The National Bank of Ukraine (NBU) announced on May 3 that it was implementing the largest set of currency liberalization measures since the beginning of the full-scale war.
The measures are aimed at decreasing restrictions on businesses and currency controls. Ukraine implemented strict controls over its currency and tightly regulated foreign exchanges in 2022, hoping to stave off a collapse of the hryvnia.
"This move, together with other measures by the NBU, should allow Ukrainian businesses to 'breathe to their full potential' and help attract private capital to recover the economy," said NBU Governor Andriy Pyshnyy.
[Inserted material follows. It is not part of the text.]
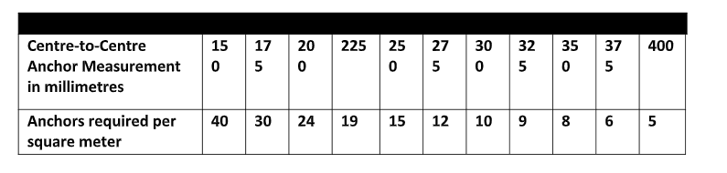 measurement. The table as shown below gives the quantity of anchors required per square meter for various

In a statement posted on the NBU website, the bank wrote that most of the measures would come into force on May 4.
The package consisted of the following six measures:
- the removal of all currency restrictions on the import of goods and services
- the possibility for businesses to repatriate new dividends
- the ability to transfer funds abroad for the purpose of renting or leasing
- the easing of restrictions on the repayment of new external loan
- the ability to repay interest on old external loans
- the relaxing of restrictions on the transfer of foreign currency from representative offices to their parent companies
The NBU wrote that the measures would lead to "a gradual increase in export revenue to Ukraine" and help Ukrainian businesses "to enter new markets, including those from which companies from (Russia) are displaced due to sanctions."
Following an almost 30% drop in Ukraine's GDP after the full-scale invasion, the International Monetary Fund (IMF) predicted in April that the GDP would grow by 3.2% in 2024 and possibly up to 6.5% in 2025.